SUPPLIED RECORDS:
┌──

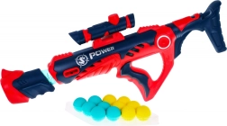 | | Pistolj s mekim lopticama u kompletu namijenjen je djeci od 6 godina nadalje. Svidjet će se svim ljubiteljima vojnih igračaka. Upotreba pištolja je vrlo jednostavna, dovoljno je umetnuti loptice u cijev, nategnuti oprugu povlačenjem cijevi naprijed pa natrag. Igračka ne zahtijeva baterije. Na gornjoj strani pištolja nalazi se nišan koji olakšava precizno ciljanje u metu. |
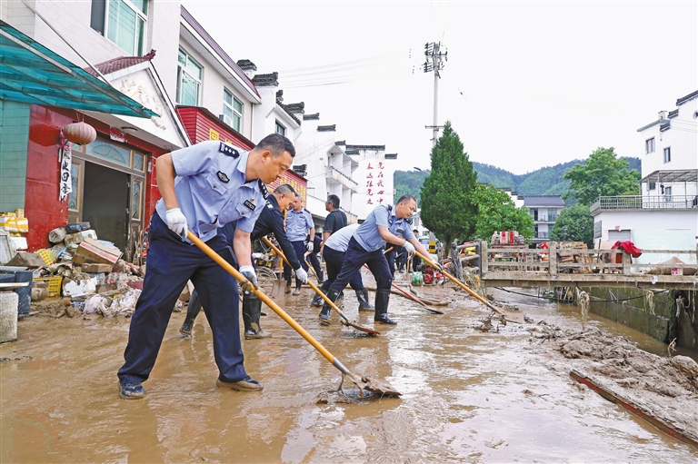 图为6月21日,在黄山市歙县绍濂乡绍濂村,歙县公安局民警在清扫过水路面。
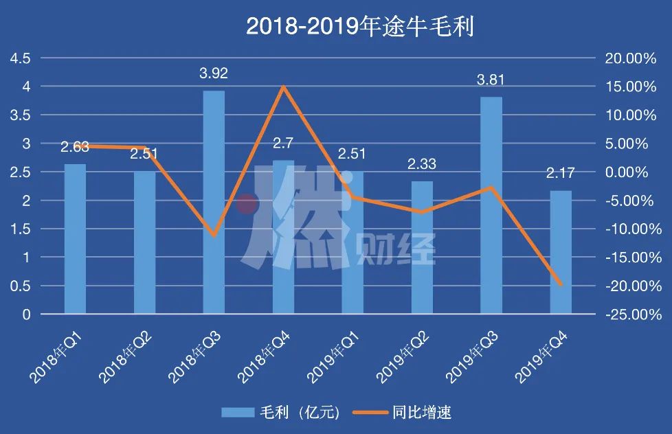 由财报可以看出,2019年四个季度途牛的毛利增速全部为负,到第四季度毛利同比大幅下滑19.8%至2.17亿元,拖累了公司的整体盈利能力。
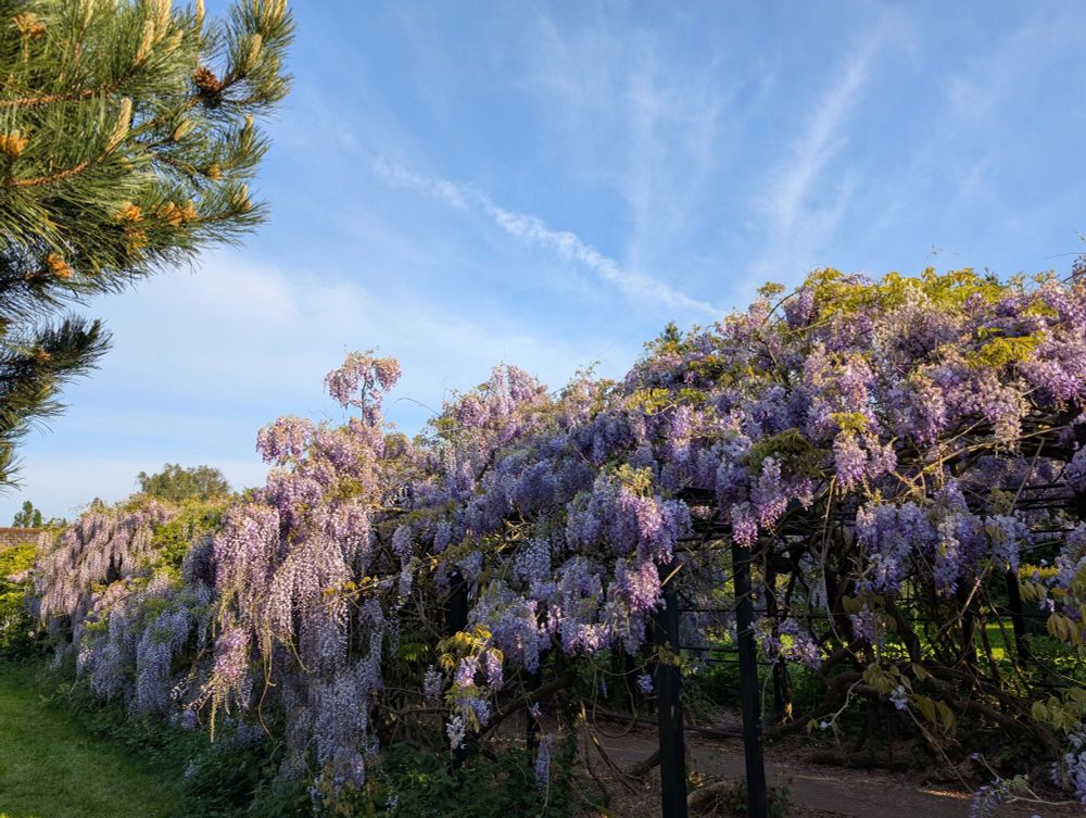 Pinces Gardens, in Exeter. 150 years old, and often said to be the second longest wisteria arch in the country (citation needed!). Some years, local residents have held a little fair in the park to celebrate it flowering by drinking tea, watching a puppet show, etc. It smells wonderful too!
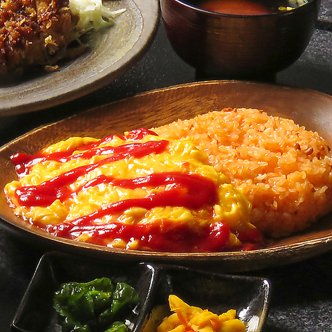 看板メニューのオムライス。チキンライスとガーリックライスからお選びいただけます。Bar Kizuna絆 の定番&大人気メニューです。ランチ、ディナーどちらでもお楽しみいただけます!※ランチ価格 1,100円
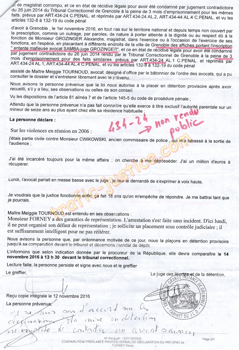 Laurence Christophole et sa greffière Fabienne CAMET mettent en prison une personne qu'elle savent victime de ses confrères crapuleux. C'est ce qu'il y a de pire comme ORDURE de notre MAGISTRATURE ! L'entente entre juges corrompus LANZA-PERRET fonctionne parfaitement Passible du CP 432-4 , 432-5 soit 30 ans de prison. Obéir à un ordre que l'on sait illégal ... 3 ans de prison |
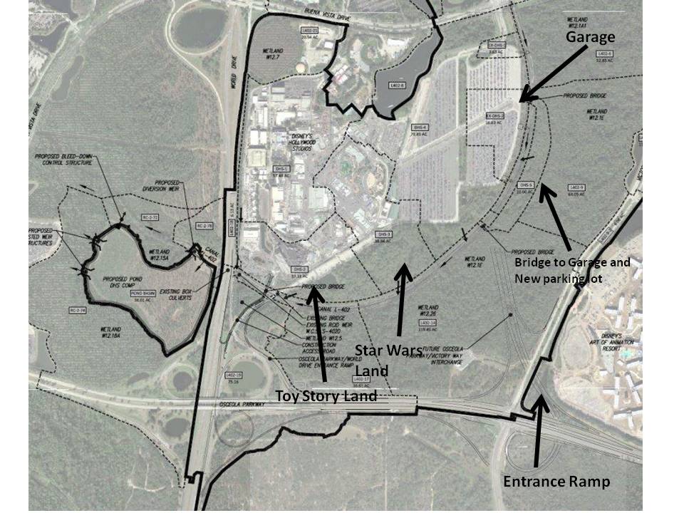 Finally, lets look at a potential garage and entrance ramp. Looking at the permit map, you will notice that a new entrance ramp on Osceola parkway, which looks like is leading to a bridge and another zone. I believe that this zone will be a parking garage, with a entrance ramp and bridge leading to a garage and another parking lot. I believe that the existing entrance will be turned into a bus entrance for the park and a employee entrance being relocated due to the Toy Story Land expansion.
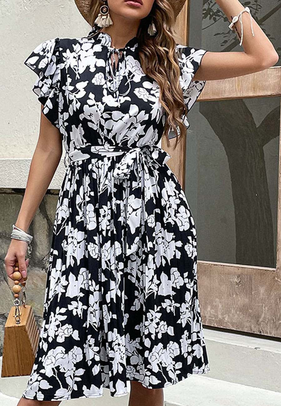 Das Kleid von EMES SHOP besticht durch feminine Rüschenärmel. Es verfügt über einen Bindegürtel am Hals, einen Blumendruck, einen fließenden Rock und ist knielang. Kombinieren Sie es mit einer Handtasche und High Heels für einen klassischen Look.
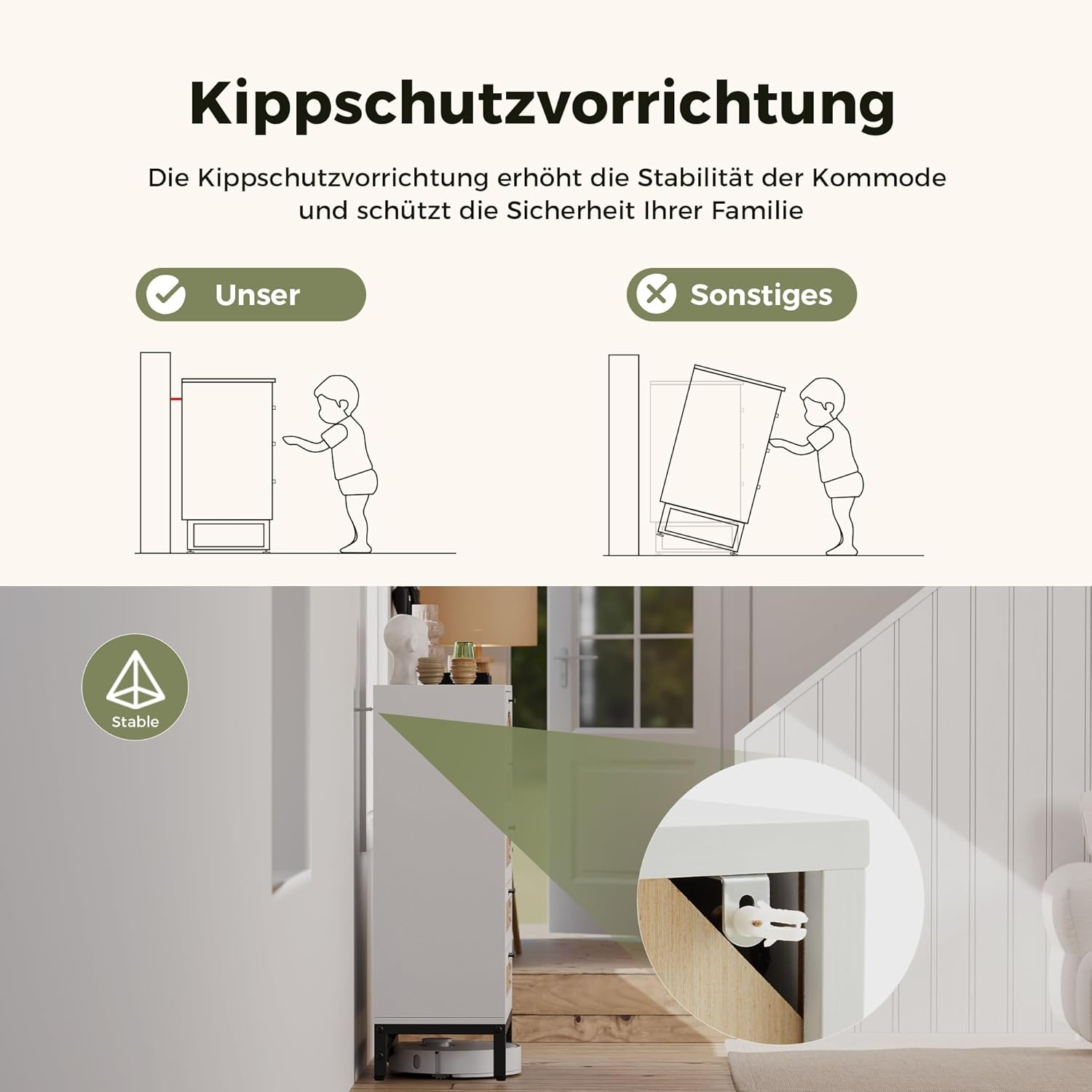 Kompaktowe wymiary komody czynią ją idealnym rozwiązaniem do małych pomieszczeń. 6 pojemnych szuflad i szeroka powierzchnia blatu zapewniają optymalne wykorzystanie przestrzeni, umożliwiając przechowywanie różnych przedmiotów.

└──

WORK REQUEST:
In your copy, include no pictures; print every line above exactly.

EXERCISE RESULT:
 | | Pistolj s mekim lopticama u kompletu namijenjen je djeci od 6 godina nadalje. Svidjet će se svim ljubiteljima vojnih igračaka. Upotreba pištolja je vrlo jednostavna, dovoljno je umetnuti loptice u cijev, nategnuti oprugu povlačenjem cijevi naprijed pa natrag. Igračka ne zahtijeva baterije. Na gornjoj strani pištolja nalazi se nišan koji olakšava precizno ciljanje u metu. |
 图为6月21日,在黄山市歙县绍濂乡绍濂村,歙县公安局民警在清扫过水路面。
 由财报可以看出,2019年四个季度途牛的毛利增速全部为负,到第四季度毛利同比大幅下滑19.8%至2.17亿元,拖累了公司的整体盈利能力。
 Pinces Gardens, in Exeter. 150 years old, and often said to be the second longest wisteria arch in the country (citation needed!). Some years, local residents have held a little fair in the park to celebrate it flowering by drinking tea, watching a puppet show, etc. It smells wonderful too!
 看板メニューのオムライス。チキンライスとガーリックライスからお選びいただけます。Bar Kizuna絆 の定番&大人気メニューです。ランチ、ディナーどちらでもお楽しみいただけます!※ランチ価格 1,100円
 Laurence Christophole et sa greffière Fabienne CAMET mettent en prison une personne qu'elle savent victime de ses confrères crapuleux. C'est ce qu'il y a de pire comme ORDURE de notre MAGISTRATURE ! L'entente entre juges corrompus LANZA-PERRET fonctionne parfaitement Passible du CP 432-4 , 432-5 soit 30 ans de prison. Obéir à un ordre que l'on sait illégal ... 3 ans de prison |
 Finally, lets look at a potential garage and entrance ramp. Looking at the permit map, you will notice that a new entrance ramp on Osceola parkway, which looks like is leading to a bridge and another zone. I believe that this zone will be a parking garage, with a entrance ramp and bridge leading to a garage and another parking lot. I believe that the existing entrance will be turned into a bus entrance for the park and a employee entrance being relocated due to the Toy Story Land expansion.
 Das Kleid von EMES SHOP besticht durch feminine Rüschenärmel. Es verfügt über einen Bindegürtel am Hals, einen Blumendruck, einen fließenden Rock und ist knielang. Kombinieren Sie es mit einer Handtasche und High Heels für einen klassischen Look.
 Kompaktowe wymiary komody czynią ją idealnym rozwiązaniem do małych pomieszczeń. 6 pojemnych szuflad i szeroka powierzchnia blatu zapewniają optymalne wykorzystanie przestrzeni, umożliwiając przechowywanie różnych przedmiotów.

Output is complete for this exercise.